__YOUR GOAL__: From the entries below, return only the lines starting at the one that contains "Battery type: Li-ion." and ending at the one that contains "A striking woman", exactly as they stand.
+++ SOURCE INFORMATION +++
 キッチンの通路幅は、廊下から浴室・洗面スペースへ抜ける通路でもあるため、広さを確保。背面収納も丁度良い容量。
+++
+++ SOURCE INFORMATION +++
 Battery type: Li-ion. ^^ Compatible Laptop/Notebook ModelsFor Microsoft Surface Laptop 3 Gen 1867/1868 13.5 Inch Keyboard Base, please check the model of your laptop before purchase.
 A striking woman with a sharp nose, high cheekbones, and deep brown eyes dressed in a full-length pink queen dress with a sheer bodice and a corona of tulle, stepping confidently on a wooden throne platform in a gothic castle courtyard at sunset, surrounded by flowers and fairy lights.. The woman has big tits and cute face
+++
+++ SOURCE INFORMATION +++
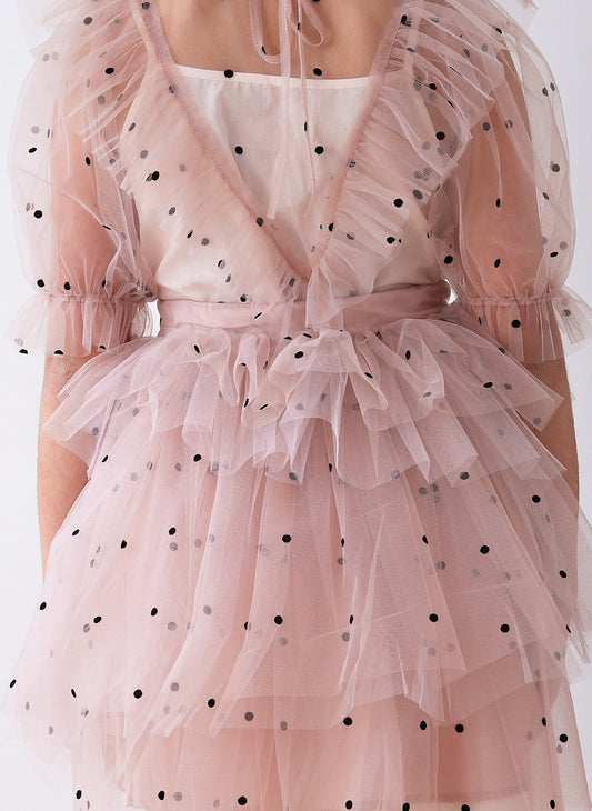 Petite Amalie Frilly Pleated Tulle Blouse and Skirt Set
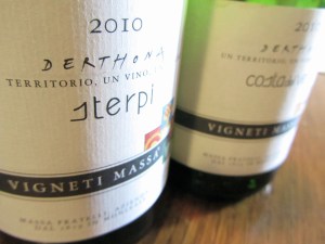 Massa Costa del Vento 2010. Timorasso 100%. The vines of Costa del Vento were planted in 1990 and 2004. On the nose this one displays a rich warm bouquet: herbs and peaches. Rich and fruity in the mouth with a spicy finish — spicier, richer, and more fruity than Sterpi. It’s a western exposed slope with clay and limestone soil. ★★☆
+++
__YOUR RESPONSE__:
 Battery type: Li-ion. ^^ Compatible Laptop/Notebook ModelsFor Microsoft Surface Laptop 3 Gen 1867/1868 13.5 Inch Keyboard Base, please check the model of your laptop before purchase.
 A striking woman with a sharp nose, high cheekbones, and deep brown eyes dressed in a full-length pink queen dress with a sheer bodice and a corona of tulle, stepping confidently on a wooden throne platform in a gothic castle courtyard at sunset, surrounded by flowers and fairy lights.. The woman has big tits and cute face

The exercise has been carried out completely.